Изменить стиль страницы

Мы не виделись несколько месяцев. Когда я уезжал из России, не довелось проститься. Но и ссоры никакой не было. Только отношения похолодали.

Я продолжал мешать ложечкой в стакане и тоже молча смотрел ему в глаза.

Кто-то из маленьких петербургских поэтов вертелся около. Подошла какая-то женщина и стала тянуть Есенина за рукав.

— Иди к энтой матери… видишь, с Мариенго-о-о-фом встретился…

От Есенина пахнуло едким, ослизшим перегаром: — Ну?

Он тяжело опустил руки на столик, нагнулся, придвинул почти вплотную ко мне своё лицо и, отстукивая каждый слог, сказал:

— А я тебя съем!

Есенинское «съем» надлежало понимать в литературном смысле.

— Ты не серый волк, а я не красная шапочка. Авось не съешь.

Я выдавил из себя улыбку, поднял стакан и глотнул горячего кофе.

— Нет… съем!

И Есенин сжал ладонь в кулак.

Петербургский поэтик, щупленький, чёрненький, с носом, похожим на восклицательный знак, и незнакомая женщина стали испуганным шёпотом упрашивать Есенина и в чём-то уговаривать меня.

Есенин выпрямился, снова заложил пальцы в карманы, повернулся ко мне спиной и неровной пошатывающейся походкой направился к выходу.

Поэтик и женщина держали его под руки. Перед дверью, словно на винте, повернул голову и снял шляпу:

— Ад-дьо-о!

И скрипнул челюстями.

— А всё-таки… съем!

Поэтик распахнул дверь.

Вот наша ссора. Первая за шесть лет. Через месяц мы встретились на улице и, не поклонившись, развели глаза.

62

Весной я снова уехал с Никритиной за границу и опять вернулся в Москву в непролазь и мглу позднего октября. В один из первых дней по приезде побывали у Качаловых. В малюпатенькой их квартирке в Камергерском пили приветливое хозяйское вино.

Василий Иванович[65] читал стихи — Блока, Есенина. Из угла поблескивал чёрной короткой шерстью и большими умными глазищами качаловский доберман-пинчер.

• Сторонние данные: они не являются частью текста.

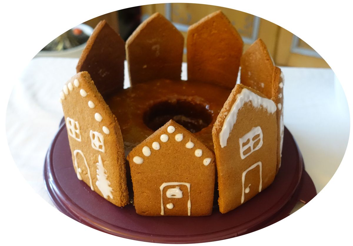 Voici un autre des desserts de Noël dernier, cette fois pour le 25 à midi (oui, nous avons effectivement suffisamment mangé pendant la période des fêtes ^^). J'ai utilisé une recette de pain d'épices très gourmand (recouvert de confiture...) ainsi que la recette de pain d'épice que j'avais utilisé pour faire mon gâteau étoile au pain d'épices, ganache chocolat & orange. J'ai juste poser les maisons en pain d'épices contre le pain d'épices moelleux juste avant de servir :)

Василий Иванович положил руку на его породистую точёную морду.

— Джим… Джим… Хорош?

— Хорош!..

— Есениным воспет!

И Качалов прочёл стихотворение, посвящённое Джиму. А я после спросил:

— Что Есенин?… хорошо или худо?…

Вражда набросала в душу всякого мусора и грязи. Будто носили мы в себе помойные ведра.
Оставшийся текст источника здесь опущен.